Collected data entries
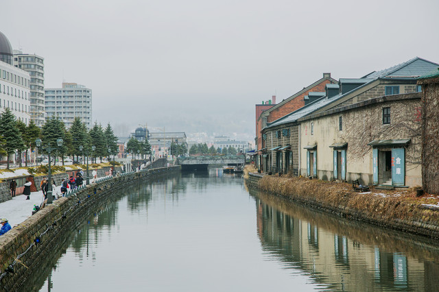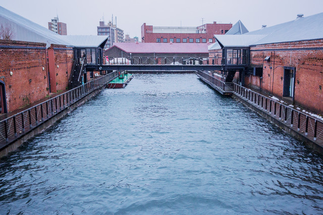 我们边吃着冰淇淋,边往 小樽 运河的方向走去。没有积雪的 小樽 运河好像少了点意思。当时我还一直跟小杜说,如果过两天从 函馆 回来下雪了,再过来 小樽 一趟吧,她连忙答应了。
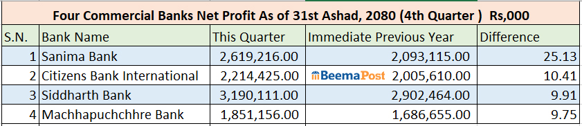 वित्तीय विवरण सार्वजनिक गर्ने वाणिज्य बैंकहरुमा सिटिजन्स बैंक, माछापुच्छे«, सिद्धार्थ बैंक र सानिमा बैंक रहेका छन् । बैंकहरु मध्थे सानिमा बैंकको खुद नाफा सबैभन्दा बढी प्रतिशतले बढेको छ ।
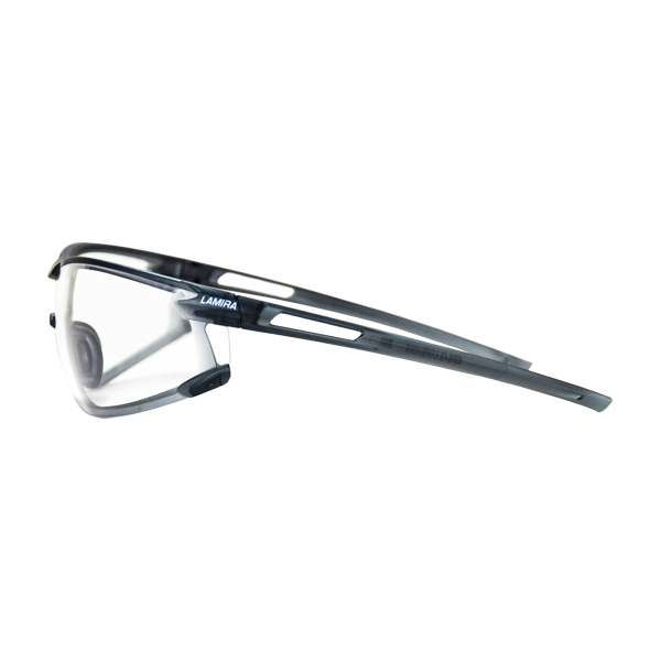 Lentes de seguridad Blackbear marca LAMIRA, modelo 4003-CL, diseñados para ofrecer protección ocular confiable en entornos exigentes. Cuentan con mica clara con tratamiento antiempañante que garantiza una visión nítida, alta resistencia a impactos y un eficaz filtro que absorbe el 99.9 % de los rayos UV, brindando seguridad y comodidad durante su uso continuo.
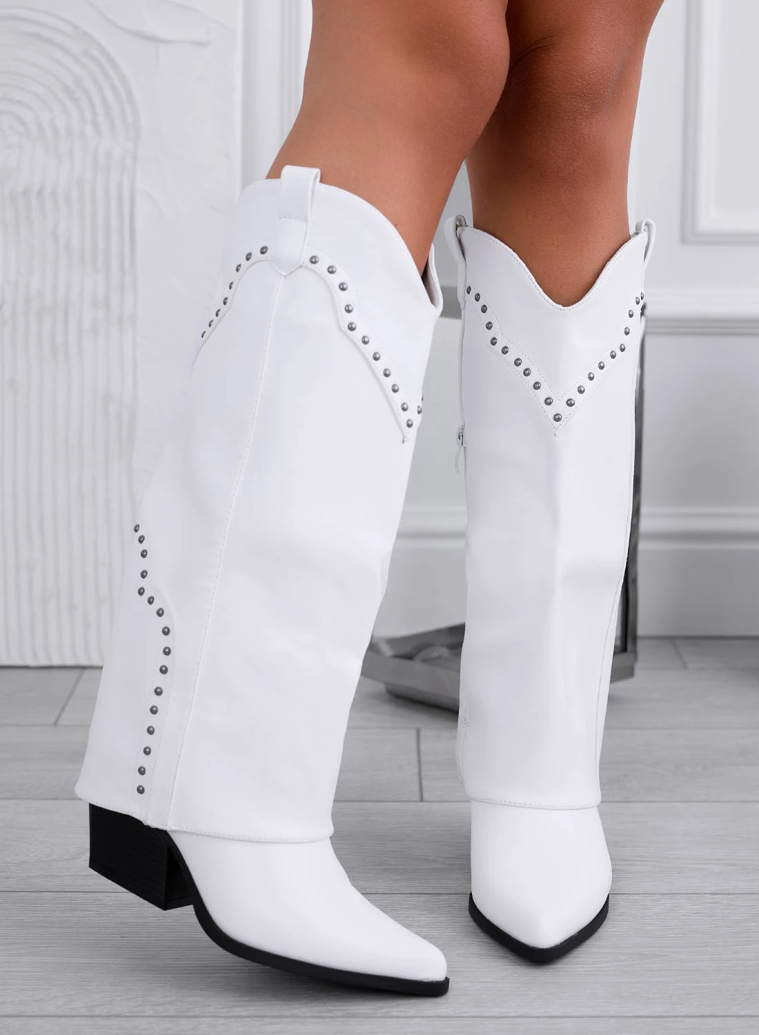 ABIGAIL – Stivali Bianchi Camperos Con Borchie
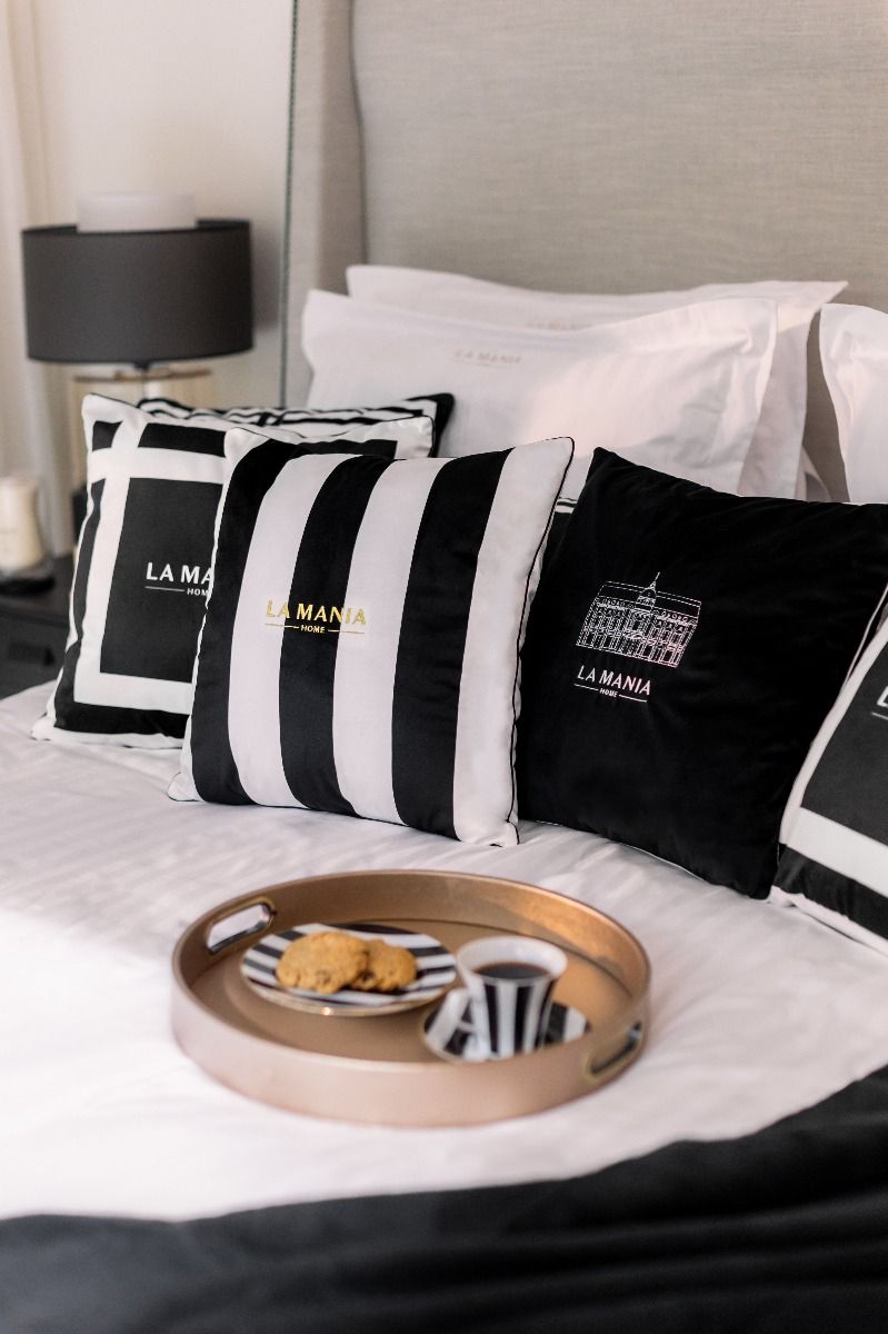Poduszka Grand Manor to zachwycająca propozycja i część większej kolekcji, która otwiera przed Tobą drzwi do świata architektury i sztuki. Rewelacyjnie komponuje się z różnorodnymi aranżacjami wnętrz i nadaje im wyrafinowanego uroku. Jej klasyczny, a zarazem nowoczesny design wzbogaci Twój salon, sypialnię lub gabinet. Czarna poduszka z delikatną białą lamówką posiada misternie haftowany motyw inspirowany XIX-wiecznymi budynkami.
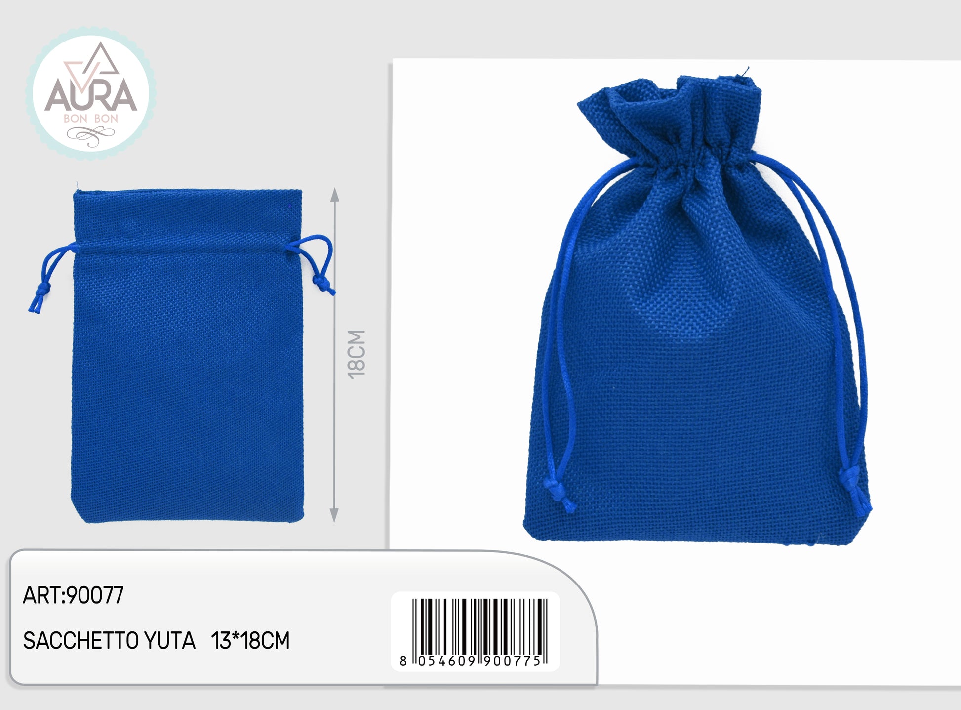 Un sacchetto di yuta blu, elegante e versatile, perfetto per contenere bomboniere, piccoli regali o come decorazione per matrimoni, battesimi e altre occasioni speciali. Il suo colore intenso e la texture naturale aggiungono un tocco di raffinatezza e originalità, ideale per eventi dallo stile classico o moderno.
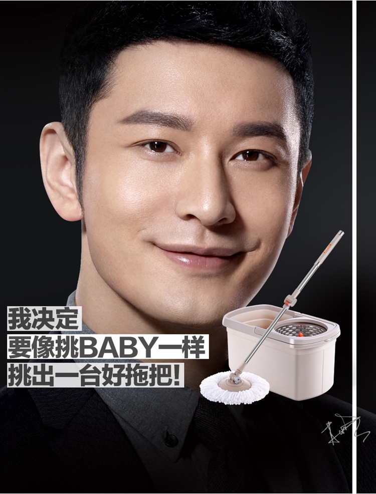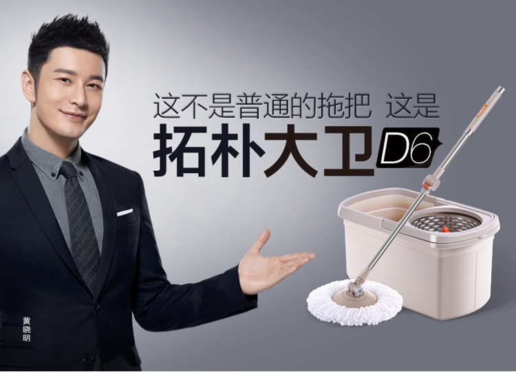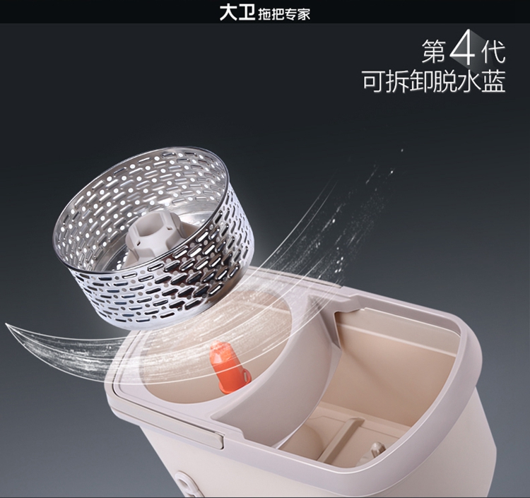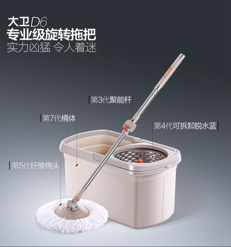 【自营】大卫明星款D6双驱动免手洗旋转拖把(1杆+2头)

Exercise.
Reproduce only the lines from the first line of the entries through the line containing "Poduszka Grand Manor", exactly and with both ends kept. Omit the pictures.

Response to the exercise.
 我们边吃着冰淇淋,边往 小樽 运河的方向走去。没有积雪的 小樽 运河好像少了点意思。当时我还一直跟小杜说,如果过两天从 函馆 回来下雪了,再过来 小樽 一趟吧,她连忙答应了。
 वित्तीय विवरण सार्वजनिक गर्ने वाणिज्य बैंकहरुमा सिटिजन्स बैंक, माछापुच्छे«, सिद्धार्थ बैंक र सानिमा बैंक रहेका छन् । बैंकहरु मध्थे सानिमा बैंकको खुद नाफा सबैभन्दा बढी प्रतिशतले बढेको छ ।
 Lentes de seguridad Blackbear marca LAMIRA, modelo 4003-CL, diseñados para ofrecer protección ocular confiable en entornos exigentes. Cuentan con mica clara con tratamiento antiempañante que garantiza una visión nítida, alta resistencia a impactos y un eficaz filtro que absorbe el 99.9 % de los rayos UV, brindando seguridad y comodidad durante su uso continuo.
 ABIGAIL – Stivali Bianchi Camperos Con Borchie
Poduszka Grand Manor to zachwycająca propozycja i część większej kolekcji, która otwiera przed Tobą drzwi do świata architektury i sztuki. Rewelacyjnie komponuje się z różnorodnymi aranżacjami wnętrz i nadaje im wyrafinowanego uroku. Jej klasyczny, a zarazem nowoczesny design wzbogaci Twój salon, sypialnię lub gabinet. Czarna poduszka z delikatną białą lamówką posiada misternie haftowany motyw inspirowany XIX-wiecznymi budynkami.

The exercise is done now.